Instructions to follow
Look at the data below and print exactly the lines from its first line through the line with "El Municipio de"; the pictures stay out of the copy.

Data block
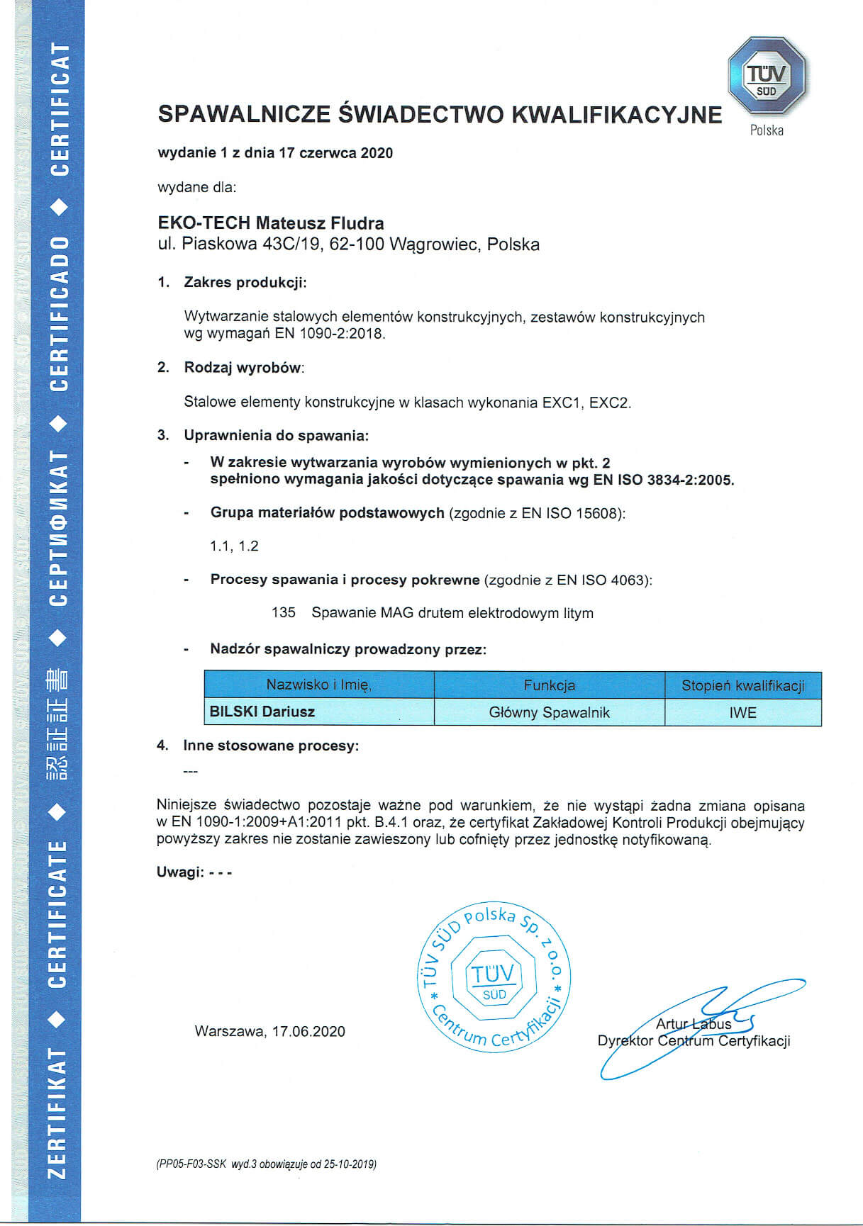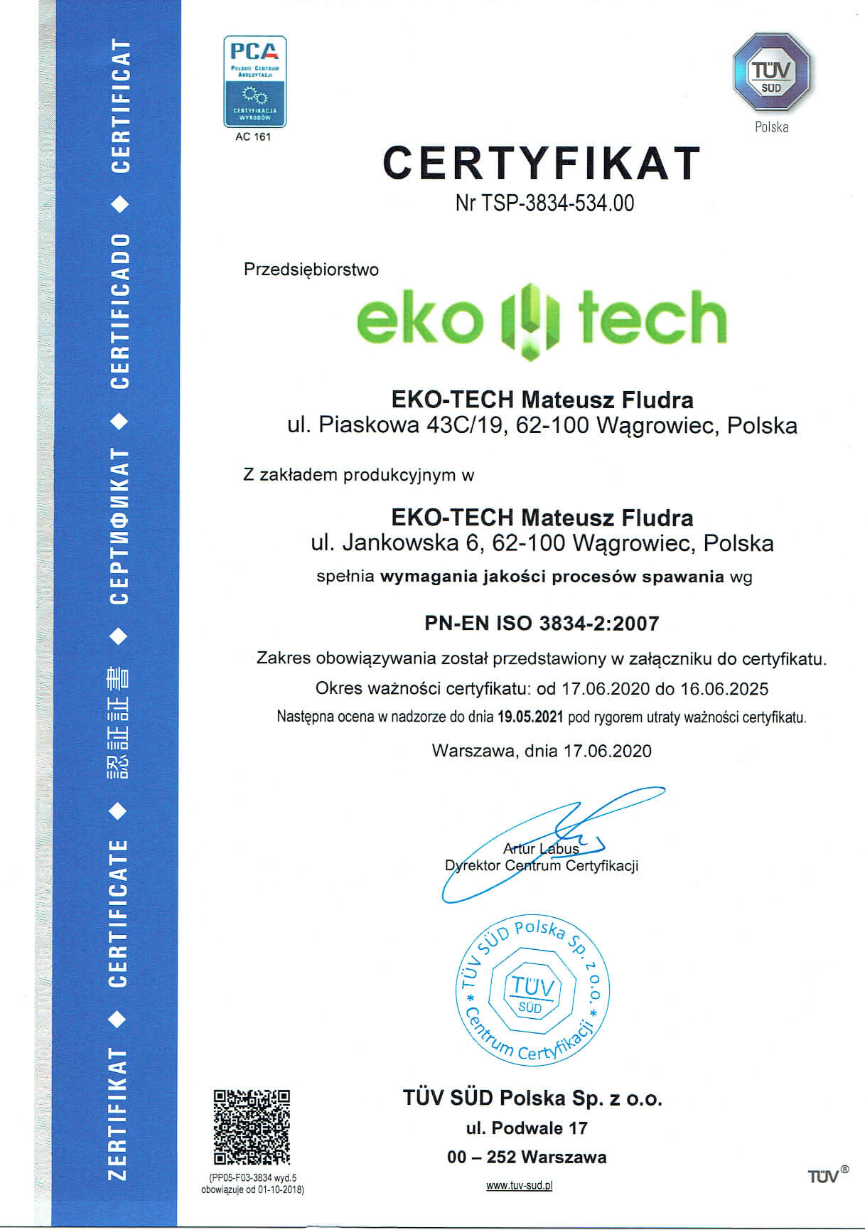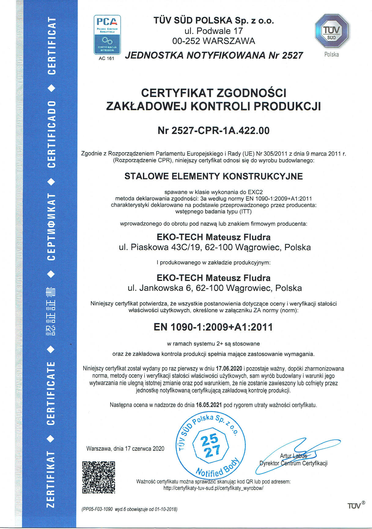 Dowodem dostarczania przez nas wyrobów na najwyższym poziomie są zdobyte przez firmę Eko-Tech Mateusz Fludra certyfikaty:
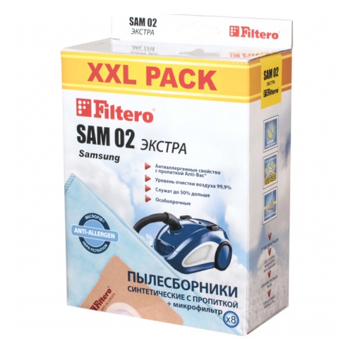 Мешки-пылесборники Filtero SAM 02 ЭКСТРА Anti-Allergen, 8 штук. Пылесборники Filtero ЭКСТРА Anti-Allergen произведены из синтетического микроволокна MicroFib с антибактериальной пропиткой Anti-Bac. Очень прочные, они не боятся острых предметов и влаги, собирают больше пыли (до 50%) и обеспечивают уровень очистки воздуха 99,9%, а также задерживают бактерии и препятствуют их распространению. При этом мощность всасывания пылесоса сохраняется в течение всего периода службы пылесборника.
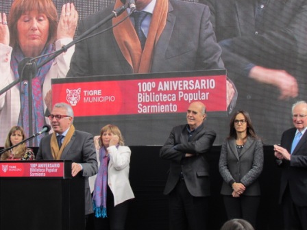 El Municipio de Tigre conmemoró el centenario de la Biblioteca Popular Sarmiento con un emotivo acto en el que estuvo presente el intendente Julio Zamora. La ceremonia hizo foco en la historia, desarrollo y transformación de la biblioteca en centro cultural, dónde hoy además de la lectura y consulta de libros se realizan múltiples actividades, como cursos de formación, talleres, eventos culturales y capacitaciones. El jefe comunal anunció que el municipio dará una ayuda económica para la construcción de un nuevo salón de usos múltiples, que permitirá al espacio cultural desarrollar sus iniciativas de una forma más cómoda y segura, sobre todo para adultos mayores con movilidad reducida. El intendente también ratificó el compromiso con las 15 bibliotecas que integran el distrito a través de un aporte económico que se renueva año tras año.
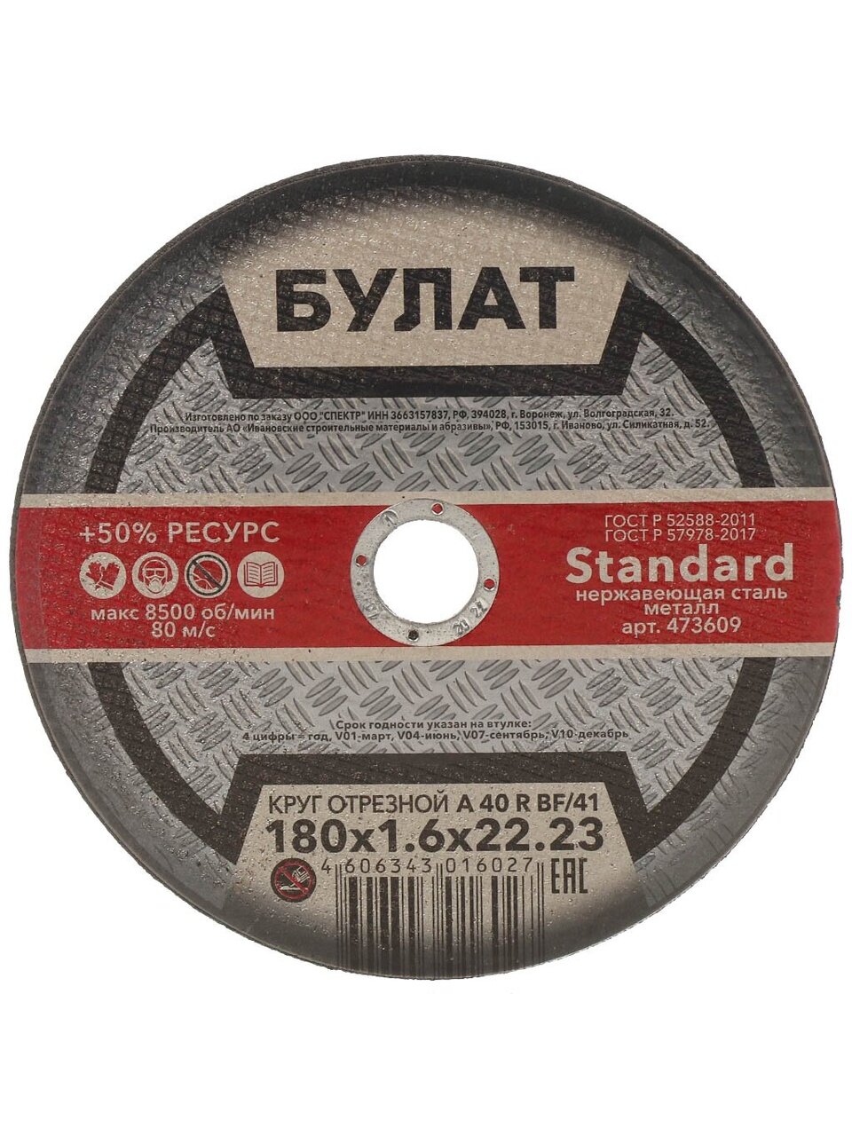 Вы можете приобрести «Круг отрезной по металлу, Булат, BF, диаметр 180х1.6 мм, посадочный диаметр 22.23 мм, зернистость A40, тип 41, R 80 м/с» и другие товары в нашем интернет-магазине в Нижнем Новгороде по низким ценам и с бесплатным самовывозом.

Task response
 Dowodem dostarczania przez nas wyrobów na najwyższym poziomie są zdobyte przez firmę Eko-Tech Mateusz Fludra certyfikaty:
 Мешки-пылесборники Filtero SAM 02 ЭКСТРА Anti-Allergen, 8 штук. Пылесборники Filtero ЭКСТРА Anti-Allergen произведены из синтетического микроволокна MicroFib с антибактериальной пропиткой Anti-Bac. Очень прочные, они не боятся острых предметов и влаги, собирают больше пыли (до 50%) и обеспечивают уровень очистки воздуха 99,9%, а также задерживают бактерии и препятствуют их распространению. При этом мощность всасывания пылесоса сохраняется в течение всего периода службы пылесборника.
 El Municipio de Tigre conmemoró el centenario de la Biblioteca Popular Sarmiento con un emotivo acto en el que estuvo presente el intendente Julio Zamora. La ceremonia hizo foco en la historia, desarrollo y transformación de la biblioteca en centro cultural, dónde hoy además de la lectura y consulta de libros se realizan múltiples actividades, como cursos de formación, talleres, eventos culturales y capacitaciones. El jefe comunal anunció que el municipio dará una ayuda económica para la construcción de un nuevo salón de usos múltiples, que permitirá al espacio cultural desarrollar sus iniciativas de una forma más cómoda y segura, sobre todo para adultos mayores con movilidad reducida. El intendente también ratificó el compromiso con las 15 bibliotecas que integran el distrito a través de un aporte económico que se renueva año tras año.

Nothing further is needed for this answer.